Elvis Costello is a genius. That’s not a word I toss around lightly. It’s a weighty term, a descriptive anvil I like to keep locked away with the good china for a very select few at the absolute top of their game, whatever that game might be. Isaac Newton, Leonardo da Vinci, Lionel Messi; the big guns.
Costello’s songwriting always seems to offer something extra. He can mix pop and rage without diminishing the effect of either element. Sometimes brutally direct, sometimes subtle, often intriguingly opaque. if you want to dive into his catalogue you can easily lose yourself in there and not be seen for years, or you can tap your foot and enjoy some infectious, audacious tunes. He’s got it all.
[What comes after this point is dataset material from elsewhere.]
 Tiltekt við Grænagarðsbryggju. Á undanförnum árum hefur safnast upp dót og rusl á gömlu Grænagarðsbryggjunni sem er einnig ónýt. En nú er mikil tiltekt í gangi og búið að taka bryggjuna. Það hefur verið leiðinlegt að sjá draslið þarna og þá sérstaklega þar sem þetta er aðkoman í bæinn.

But no genius is without flaws. Newton believed in alchemy, Da Vinci’s helicopter was a death trap and Messi does not pick accountants wisely. As such, there are some places that Costello’s unshackled creativity takes him where I simply cannot follow, but when his incredible gift of lyric and melody is aimed at that spot where songs mash and mangle themselves into my own peculiar heartstrings, well, there are few who can stand beside him.
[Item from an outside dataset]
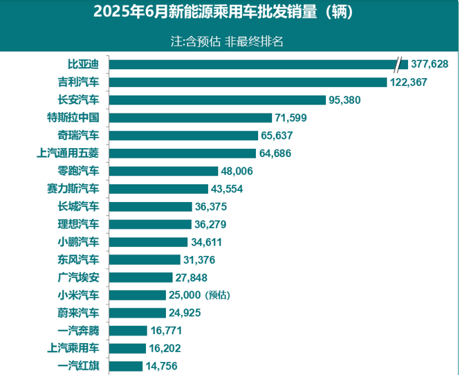 7月3日消息,根据乘联数据综合预估:6月全国新能源乘用车厂商批发销量126万辆,同比增长29%,环比增长3%,今年1-6月累计批发647万辆,同比增长38%。比亚迪、吉利稳居前二。特斯拉升至第四,近期爆火的小米位居第十四

Impossible to tie down stylistically, Costello has this unique ability to glide across the invisible boundaries of genre maintaining his own distinctive sound, with unfailing authenticity and a fitting reverence for whatever hallowed musical ground might be beneath his feet.
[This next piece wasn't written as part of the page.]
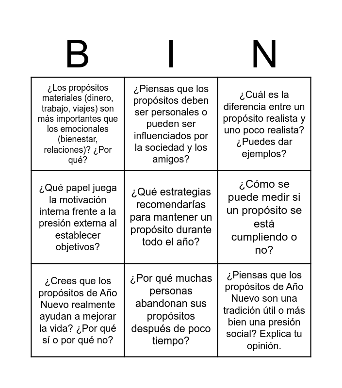 This bingo card has 9 words: ¿Crees que los propósitos de Año Nuevo realmente ayudan a mejorar la vida? ¿Por qué sí o por qué no?, ¿Cuál es la diferencia entre un propósito realista y uno poco realista? ¿Puedes dar ejemplos?, ¿Piensas que los propósitos deben ser personales o pueden ser influenciados por la sociedad y los amigos?, ¿Qué papel juega la motivación interna frente a la presión externa al establecer objetivos?, ¿Los propósitos materiales (dinero, trabajo, viajes) son más importantes que los emocionales (bienestar, relaciones)? ¿Por qué?, ¿Cómo se puede medir si un propósito se está cumpliendo o no?, ¿Qué estrategias recomendarías para mantener un propósito durante todo el año?, ¿Piensas que los propósitos de Año Nuevo son una tradición útil o más bien una presión social? Explica tu opinión. and ¿Por qué muchas personas abandonan sus propósitos después de poco tiempo?.

Attempting to compile a definitive list of 10 Elvis Costello songs from such a long and eclectic career would be a foolish pursuit, so these are just my favourites. You may have your own and yours will be no less correct. Everybody wins.
Pump It Up (This Year's Model, 1978)
Costello borrows Bob Dylan’s lyrical flow from Subterranean Homesick Blues, but turns it into a glorious piece of sweaty pop with a yelled chorus, some cheeky sexual innuendo, a driving stomp rhythm and that iconic descending riff showcasing Steve Nieve’s trademark Vox organ sound. A brilliantly constructed record.
Veronica (Spike, 1989)
Written in collaboration with Paul McCartney, this is a perfect example of Costello’s ability to smuggle unconventional subject matter onto the territory of pop music. With the kind of melody and harmony you’d expect from an early Beatles hit, Costello tells the story of an elderly lady, in this case his own grandmother, whose mind is succumbing to Alzheimer’s disease. It’s all at once sad and celebratory, a beautifully genuine sentimental moment.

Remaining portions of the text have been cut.